A Disaster Recovery Plan focuses on making sure a company's activity can return to an operational status. In IT, this means backing up vital infrastructure. The plan can be activated when there is an obvious shutdown of information systems, and companies can ensure the post-disaster reconstruction of IT infrastructures and the reboot of the most critical applications to company operations.

Its objective is to guarantee a satisfactory resumption of activity as soon as practicable, in order to reduce the financial consequences linked to a cyber crisis.

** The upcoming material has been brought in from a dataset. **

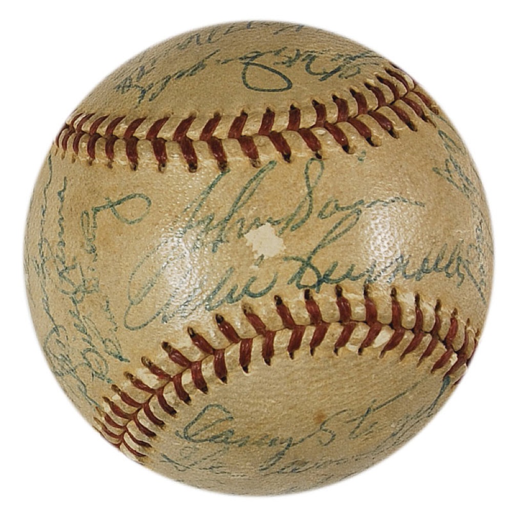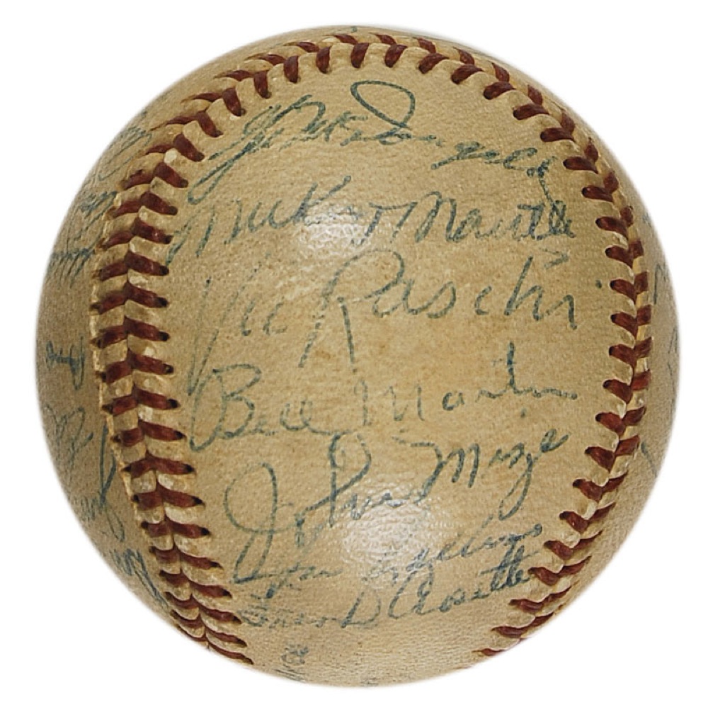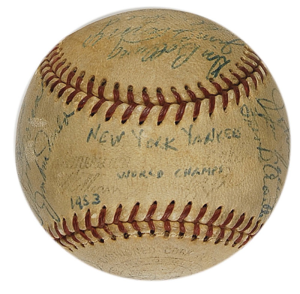 Official Reach American League baseball signed in blue ballpoint by 29 members of the 1953 World Champion New York Yankees. Signers include: Mickey Mantle, Gil McDougald, Vic Raschi, Johnny Sain (ss), Allie Reynolds (ss), Billy Martin, Johnny Mize, Joe Collins, Frank Crosetti, Don Bollweg, Jim Turner, Whitey Ford, Bob Kuzava, Willy Miranda, Tom Gorman, Andy Carey, Casey Stengel, Gene Woodling, Bill Miller, Ralph Houk, Phil Rizzuto, Irv Noren, Jim McDonald, Jerry Coleman, Art Schallock, Yogi Berra, Hank Bauer, Bill Renna, and Bill Dickey. Penned over the label is “New York Yankees World Champs 1953.” In very good condition, with uniform toning, a few signatures a couple shades light, but completely legible, and a few small scuffs. Pre-certified Steve Grad/PSA/DNA and RRAuction COA.

This is why it has to rely on careful risk mapping to provide adequate backup IT systems and ensure data redundancy, which is the practice of saving the same data on different devices (phone, computer, external hard drive, digital drive, or tablet).

DRP compensates for financial consequences of IT shutdown

The IT Disaster Recovery Plan in CIO terminology

To summarize, Chief Information Officers (CIOs) generally consider that the BCP specifies measures for ensuring the continuity of activity, while the DRP details measures that guarantee the resumption of activity after an IT shutdown. After all, the Disaster Recovery Plan is activated when the infrastructure is unavailable.

In the event of a cyberattack, there are generally two execution scenarios for the DRP:

  • Your company was prepared for IT crises, and had a BCP to mitigate the impact of the disaster. In this case, your company can reduce the RTO and RPO to a minimum and apply a “warm restart” of the applications. This is a quick restart of activities on one or more backup servers, all based on pre-disaster data saves.
  • Your structure did not have a BCP or the technical means to execute an effective crisis management plan. In this case, a “cold restart” is required, a process which can last several hours or days after the disaster. In this scenario, the recovery is based on the company’s latest backups. However, with the increasing uptake of cloud data storage, this cold procedure is becoming less frequent.

When should you set up your IT recovery?

By definition, the DRP is only activated when the company suffers a genuine shutdown of its IT activities. If you want this IT recovery plan to perform well and enable you to quickly resume your activities, you must think it through well in advance of the actual onset of a cyber crisis. As a general guideline, you should allow an average of three months to design it, although you may need more or less time depending on the size of your structure.

Once the cyberattack, computer failure, or human error has been recorded and damage to your infrastructure begins, the execution of your DRP should help minimize your operational downtime. The longer the recovery, the more the company’s financial results are jeopardized.

What is the definition of an IT “DRP”?

The Disaster Recovery Plan (DRP) comprises a set of documents detailing the steps for setting up a backup IT infrastructure. This infrastructure’s aim is to safeguard the usual course of business activities in the event of an unexpected shutdown of IT systems. This shutdown could be due to a cyberattack, a computer breach, human negligence, or data loss or theft.

What is DRaaS?

Disaster Recovery as a Service is a cloud backup solution provided by a third party where your data server is replicated on your service provider’s facility via the cloud, thus making it easy for you to recover any data lost during a disaster. It is a simple solution that removes the need to develop a complex and thorough plan. Also, the maintenance costs associated with running a second site become a thing of the past, since you only have to pay for a subscription.

IT DRP : how best to plan your company’s recovery from a cyber crisis?

There are sectors for which an interruption of activity, even of one minute, represents a tangible financial loss or danger to data integrity. In these sectors, having a BCP is essential. Companies whose activities have a lower level of criticality and who can afford longer IT downtime can settle for a DRP alone.